■ **Records to use**
-- Opening Marker --

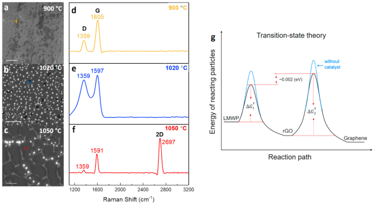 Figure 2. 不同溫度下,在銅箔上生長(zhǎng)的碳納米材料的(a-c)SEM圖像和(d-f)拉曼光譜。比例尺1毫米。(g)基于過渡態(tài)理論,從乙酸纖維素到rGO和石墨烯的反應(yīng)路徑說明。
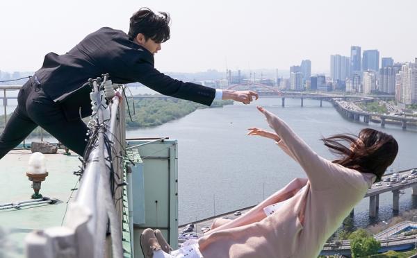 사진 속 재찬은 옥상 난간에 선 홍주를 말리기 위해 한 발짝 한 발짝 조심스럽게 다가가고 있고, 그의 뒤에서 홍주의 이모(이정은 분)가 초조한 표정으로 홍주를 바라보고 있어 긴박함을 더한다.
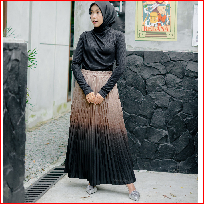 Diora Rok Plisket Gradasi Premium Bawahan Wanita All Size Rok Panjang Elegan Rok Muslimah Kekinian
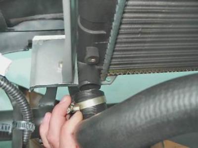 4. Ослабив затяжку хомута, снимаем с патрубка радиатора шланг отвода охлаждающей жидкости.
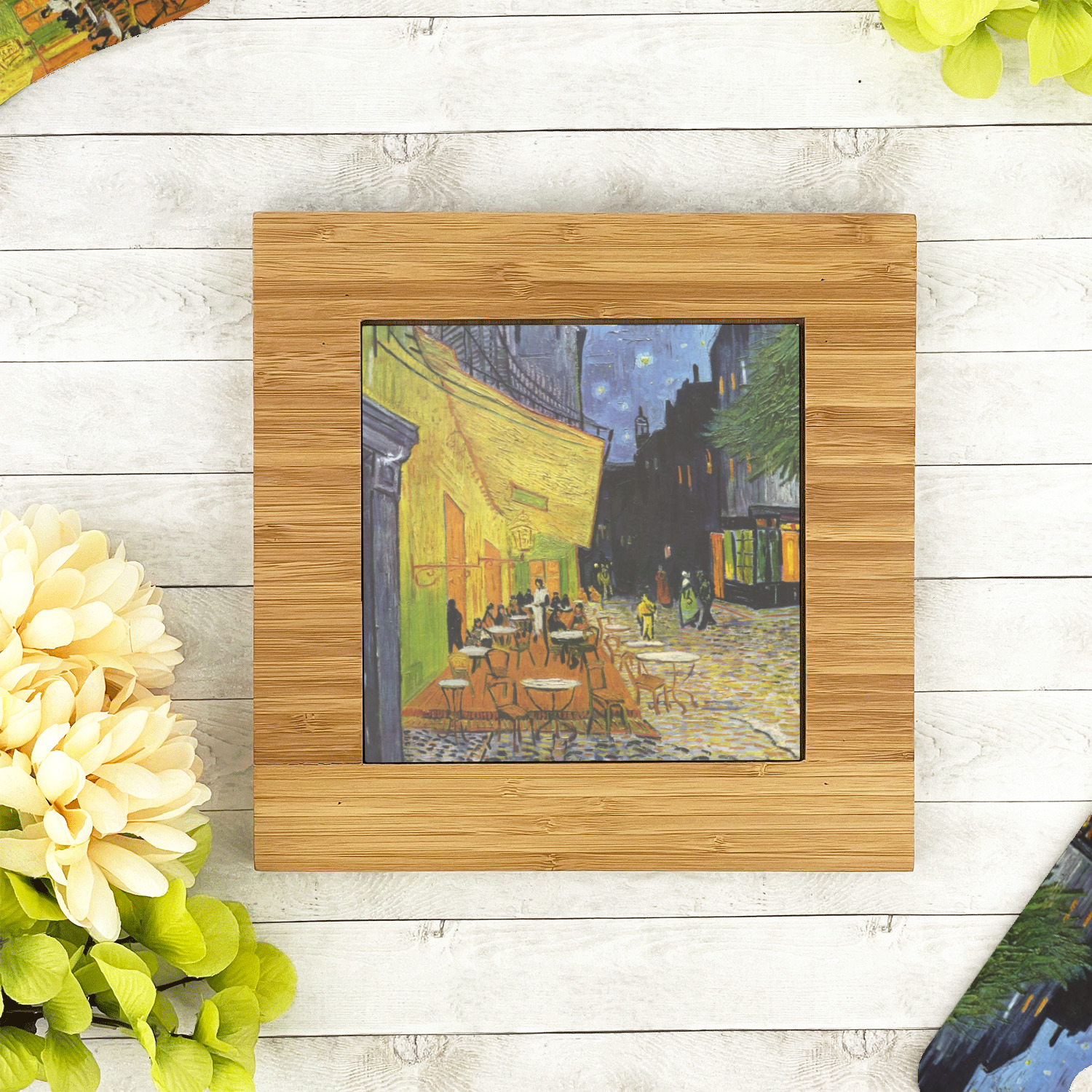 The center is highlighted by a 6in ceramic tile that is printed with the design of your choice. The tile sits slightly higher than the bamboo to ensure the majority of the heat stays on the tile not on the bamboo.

-- Closing Marker --
-- Opening Marker --

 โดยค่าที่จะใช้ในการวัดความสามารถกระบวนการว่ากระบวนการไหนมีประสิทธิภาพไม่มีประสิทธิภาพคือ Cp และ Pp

-- Closing Marker --
-- Opening Marker --

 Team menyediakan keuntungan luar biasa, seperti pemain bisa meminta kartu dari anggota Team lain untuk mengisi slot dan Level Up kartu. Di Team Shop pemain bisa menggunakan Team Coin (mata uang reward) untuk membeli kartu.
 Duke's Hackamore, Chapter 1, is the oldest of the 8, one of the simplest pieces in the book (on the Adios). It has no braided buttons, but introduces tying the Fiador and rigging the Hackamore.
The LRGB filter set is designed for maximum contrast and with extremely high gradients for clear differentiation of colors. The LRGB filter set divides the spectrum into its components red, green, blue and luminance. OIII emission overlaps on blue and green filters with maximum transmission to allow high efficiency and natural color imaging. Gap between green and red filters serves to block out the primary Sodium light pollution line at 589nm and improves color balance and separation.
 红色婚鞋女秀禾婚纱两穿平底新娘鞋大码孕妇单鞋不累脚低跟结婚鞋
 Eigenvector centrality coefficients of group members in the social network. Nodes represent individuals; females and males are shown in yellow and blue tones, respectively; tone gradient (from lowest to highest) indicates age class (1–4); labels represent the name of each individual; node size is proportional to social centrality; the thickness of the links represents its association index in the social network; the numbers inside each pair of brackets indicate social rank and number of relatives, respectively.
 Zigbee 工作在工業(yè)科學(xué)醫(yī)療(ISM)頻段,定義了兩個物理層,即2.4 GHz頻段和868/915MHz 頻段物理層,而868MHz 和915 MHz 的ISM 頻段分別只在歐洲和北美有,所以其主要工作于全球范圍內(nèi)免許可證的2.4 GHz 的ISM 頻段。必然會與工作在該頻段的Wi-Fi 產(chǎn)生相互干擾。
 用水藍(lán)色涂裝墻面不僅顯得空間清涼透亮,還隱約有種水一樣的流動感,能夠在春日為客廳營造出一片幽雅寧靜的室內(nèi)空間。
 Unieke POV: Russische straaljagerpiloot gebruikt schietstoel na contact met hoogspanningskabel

-- Closing Marker --

■ **Directions for this task**
Would you copy each line of the records that contains "blue"?

■ **Task solution**
The LRGB filter set is designed for maximum contrast and with extremely high gradients for clear differentiation of colors. The LRGB filter set divides the spectrum into its components red, green, blue and luminance. OIII emission overlaps on blue and green filters with maximum transmission to allow high efficiency and natural color imaging. Gap between green and red filters serves to block out the primary Sodium light pollution line at 589nm and improves color balance and separation.
 Eigenvector centrality coefficients of group members in the social network. Nodes represent individuals; females and males are shown in yellow and blue tones, respectively; tone gradient (from lowest to highest) indicates age class (1–4); labels represent the name of each individual; node size is proportional to social centrality; the thickness of the links represents its association index in the social network; the numbers inside each pair of brackets indicate social rank and number of relatives, respectively.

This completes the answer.